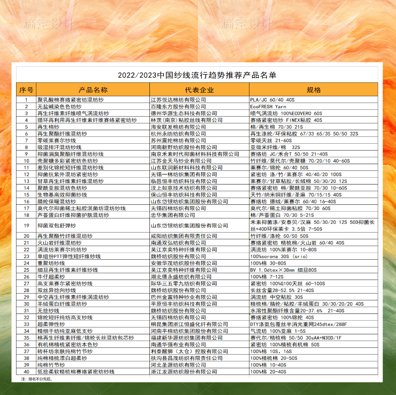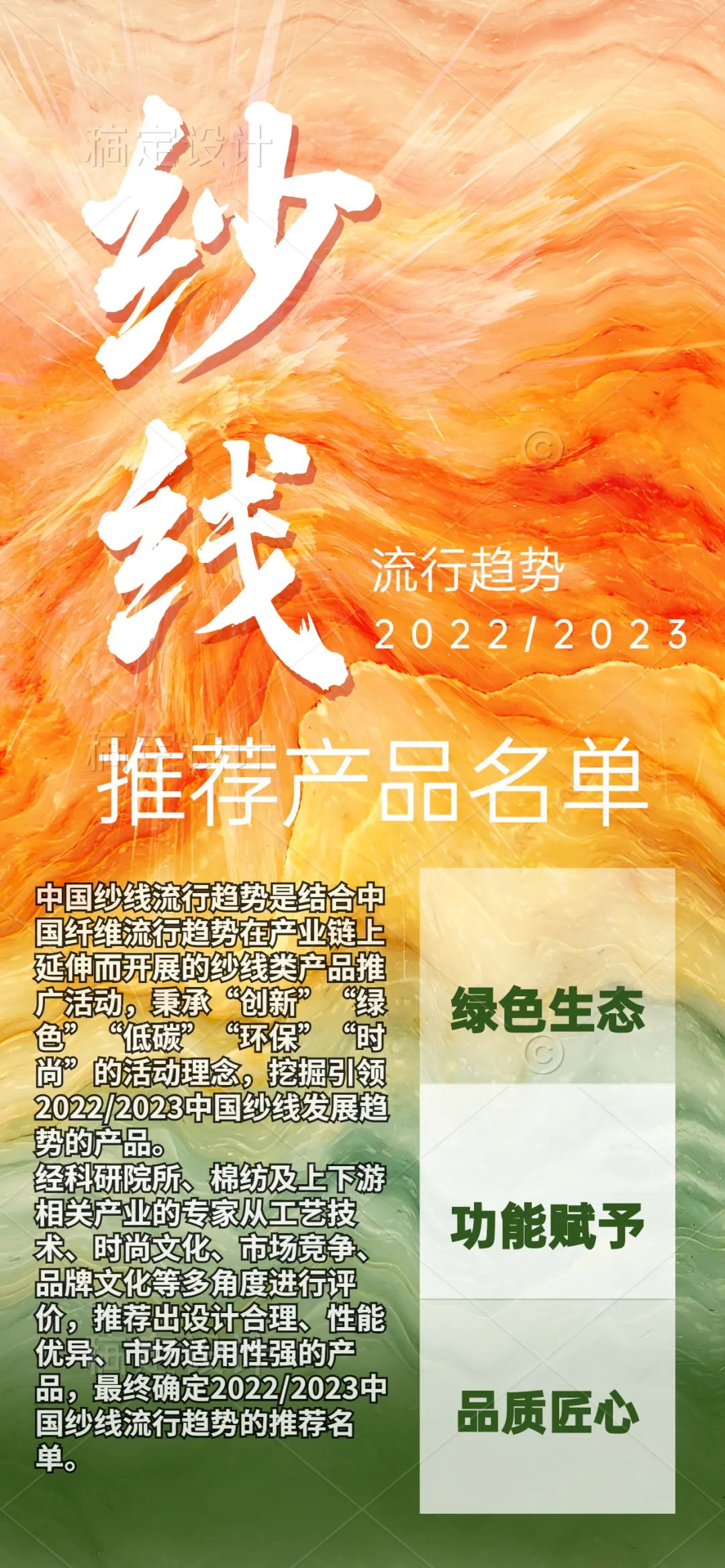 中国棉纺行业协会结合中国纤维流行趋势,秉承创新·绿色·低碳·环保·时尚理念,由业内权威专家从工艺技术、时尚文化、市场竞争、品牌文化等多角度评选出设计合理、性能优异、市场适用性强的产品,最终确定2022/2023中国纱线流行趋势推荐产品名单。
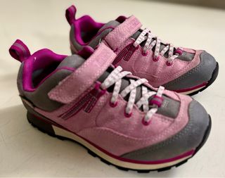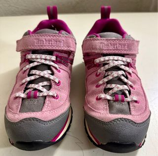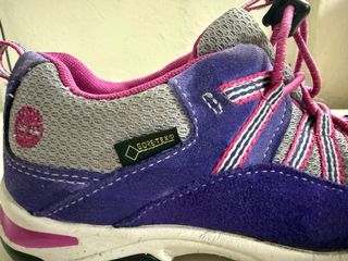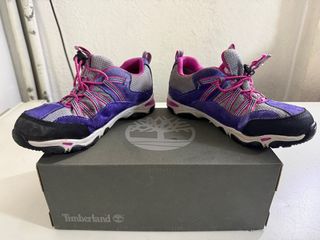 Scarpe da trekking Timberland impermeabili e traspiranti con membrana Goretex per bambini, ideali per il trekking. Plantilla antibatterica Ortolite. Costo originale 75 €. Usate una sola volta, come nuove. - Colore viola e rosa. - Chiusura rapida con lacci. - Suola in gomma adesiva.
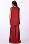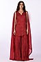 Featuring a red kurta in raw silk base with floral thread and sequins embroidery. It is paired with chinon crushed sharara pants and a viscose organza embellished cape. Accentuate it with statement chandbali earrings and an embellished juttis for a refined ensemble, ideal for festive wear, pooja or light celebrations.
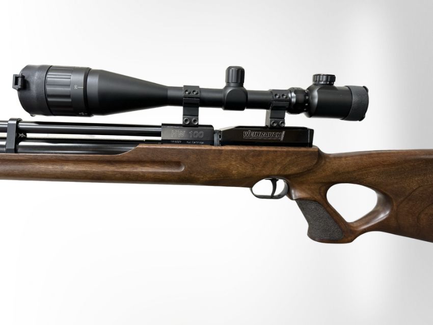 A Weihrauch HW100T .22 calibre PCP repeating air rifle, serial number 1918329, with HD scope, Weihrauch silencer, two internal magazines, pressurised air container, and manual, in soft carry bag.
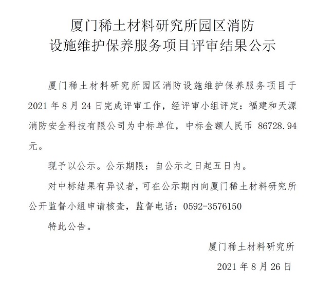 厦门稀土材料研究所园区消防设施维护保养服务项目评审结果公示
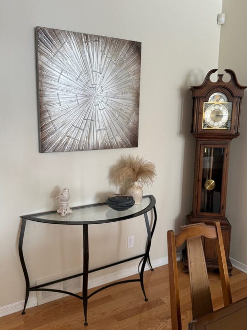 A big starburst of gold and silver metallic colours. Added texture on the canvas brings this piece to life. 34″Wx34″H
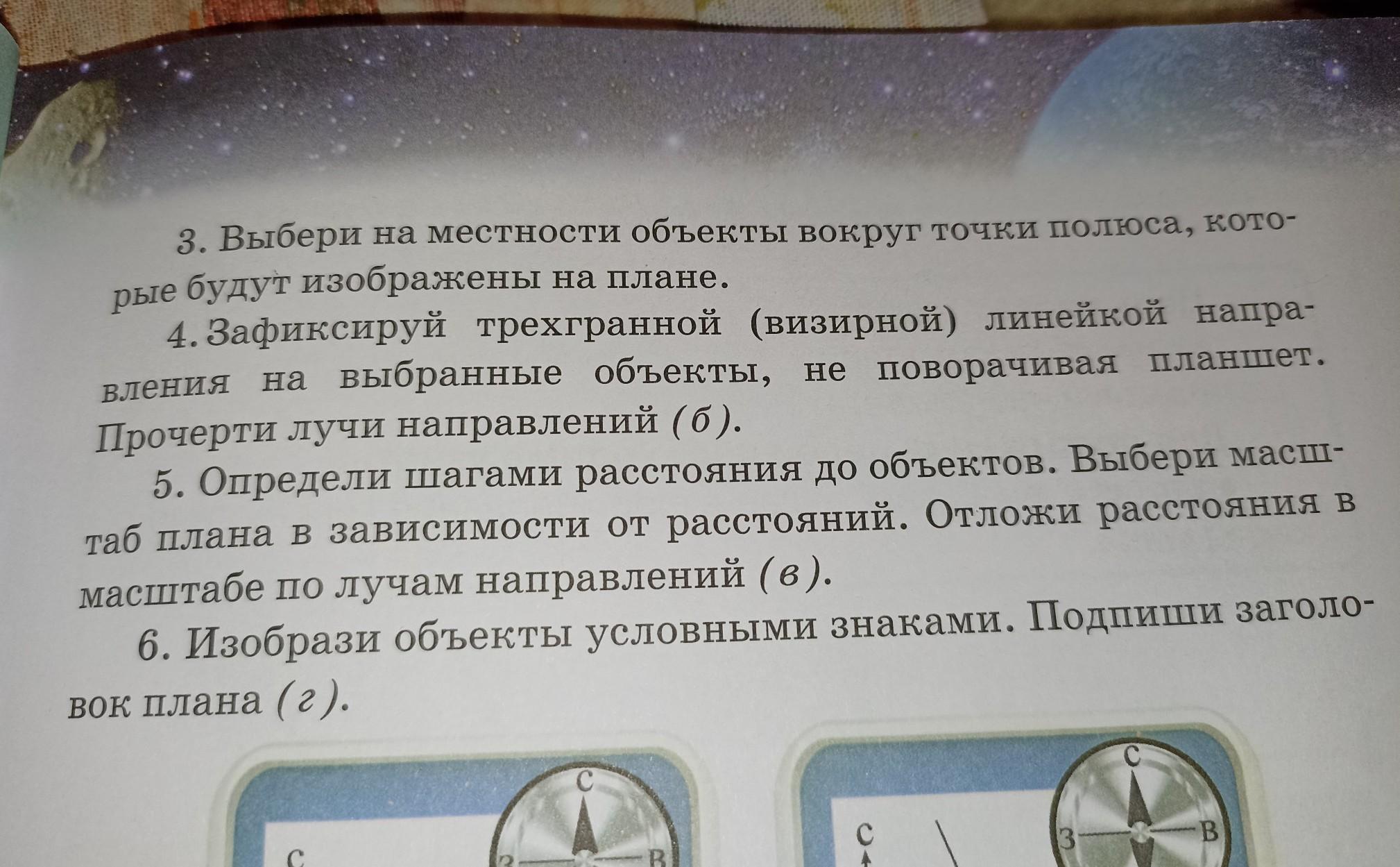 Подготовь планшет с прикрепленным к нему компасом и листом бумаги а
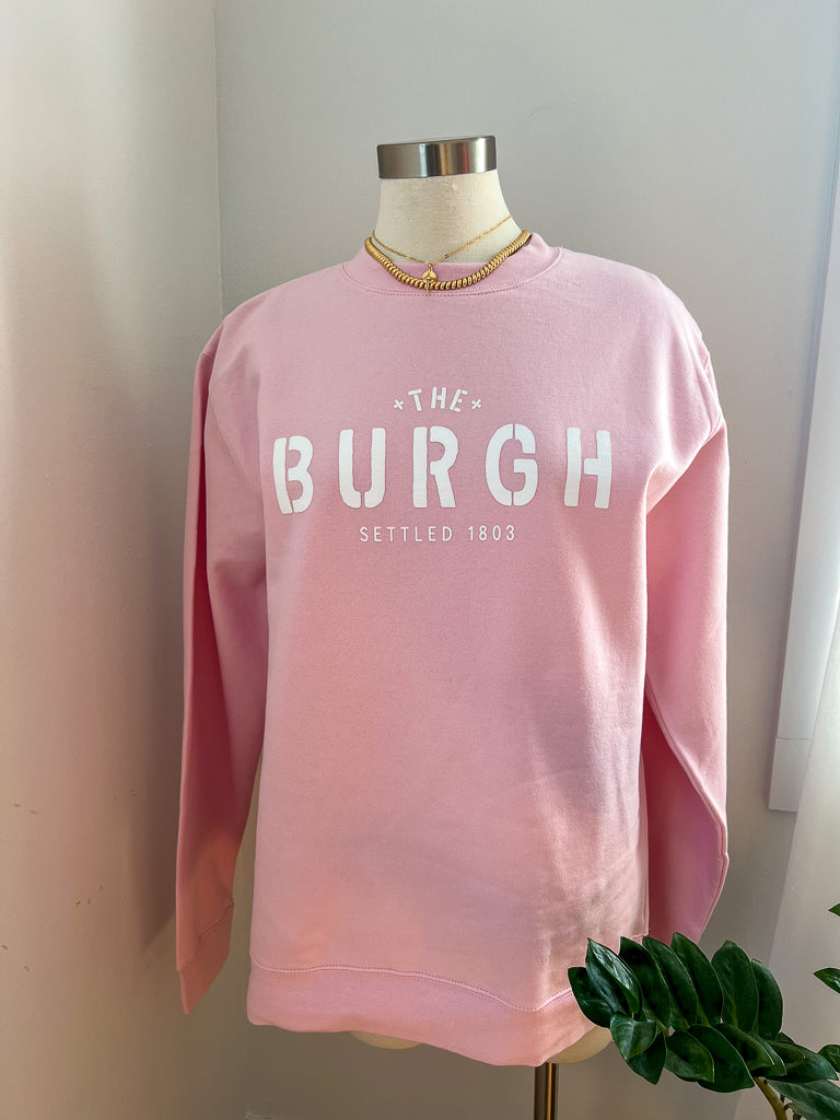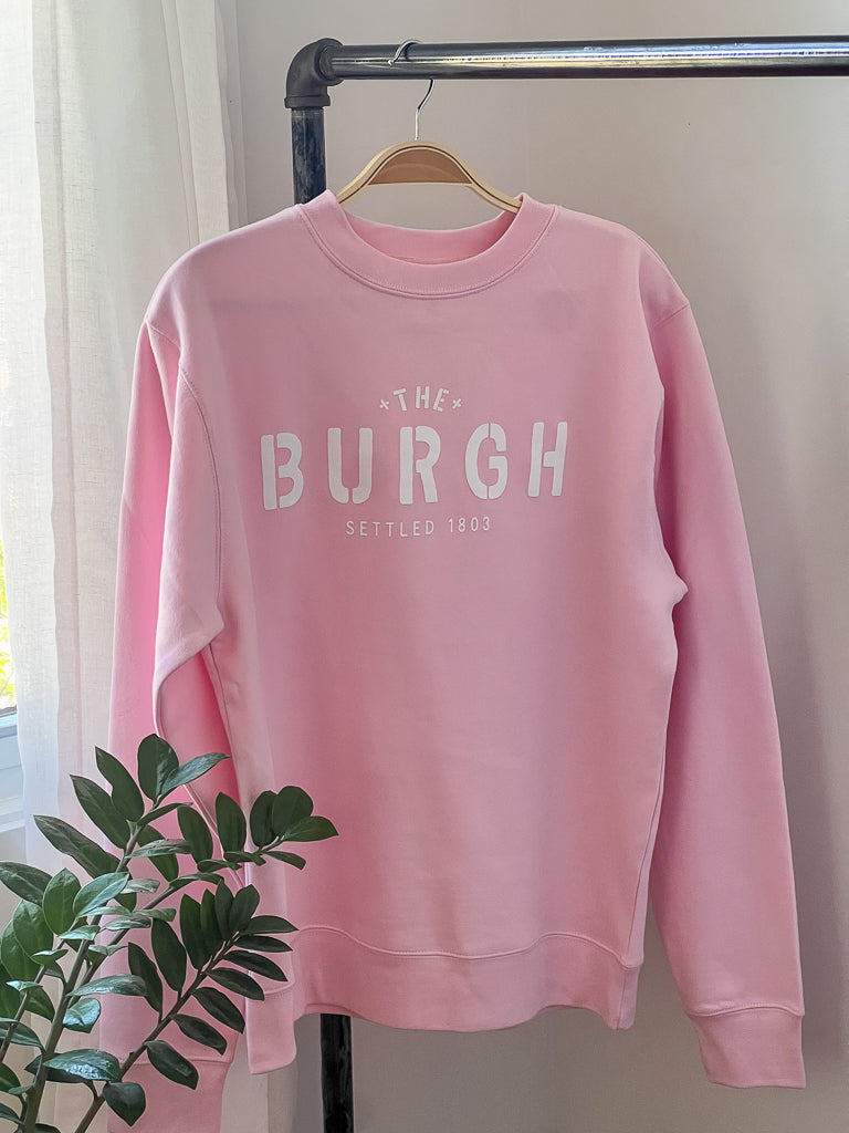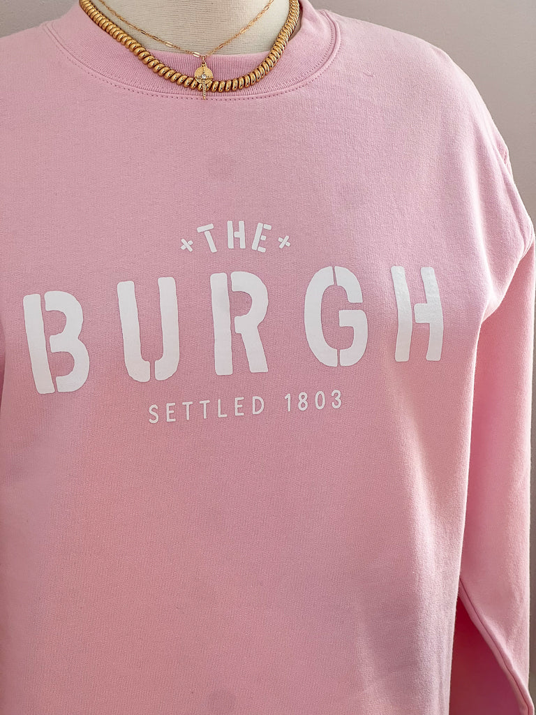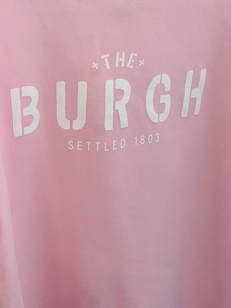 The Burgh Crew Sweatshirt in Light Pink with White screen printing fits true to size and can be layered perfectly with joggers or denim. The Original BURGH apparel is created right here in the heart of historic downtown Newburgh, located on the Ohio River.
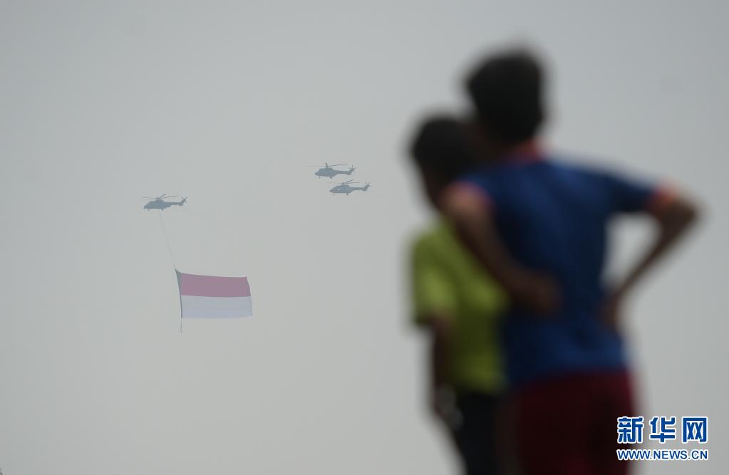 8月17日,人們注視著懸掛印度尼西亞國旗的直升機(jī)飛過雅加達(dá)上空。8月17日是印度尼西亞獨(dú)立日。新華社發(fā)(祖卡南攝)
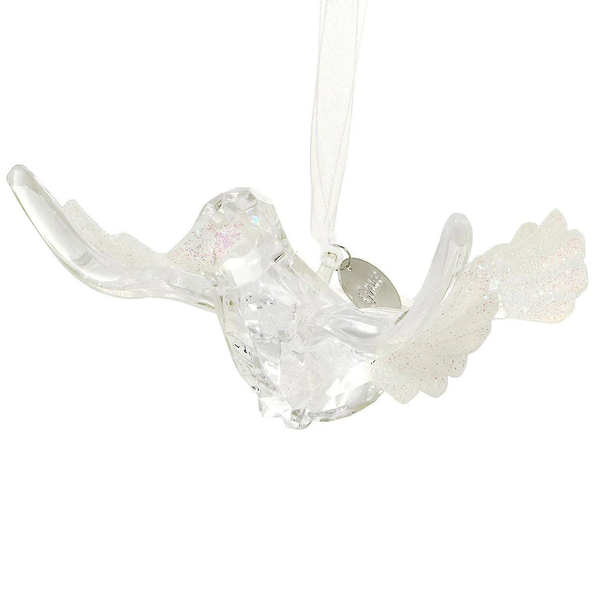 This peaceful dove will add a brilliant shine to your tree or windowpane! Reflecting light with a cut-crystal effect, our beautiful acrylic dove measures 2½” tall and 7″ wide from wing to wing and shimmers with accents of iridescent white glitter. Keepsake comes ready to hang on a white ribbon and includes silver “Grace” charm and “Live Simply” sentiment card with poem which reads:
• • • • • • •
§ **To do**:
The copy should hold exactly the lines above from the one with "The Burgh Crew" through the one with "8月17日,人們注視著懸掛印", both ends counted, and no pictures at all.

§ **Written solution**:
 The Burgh Crew Sweatshirt in Light Pink with White screen printing fits true to size and can be layered perfectly with joggers or denim. The Original BURGH apparel is created right here in the heart of historic downtown Newburgh, located on the Ohio River.
 8月17日,人們注視著懸掛印度尼西亞國旗的直升機(jī)飛過雅加達(dá)上空。8月17日是印度尼西亞獨(dú)立日。新華社發(fā)(祖卡南攝)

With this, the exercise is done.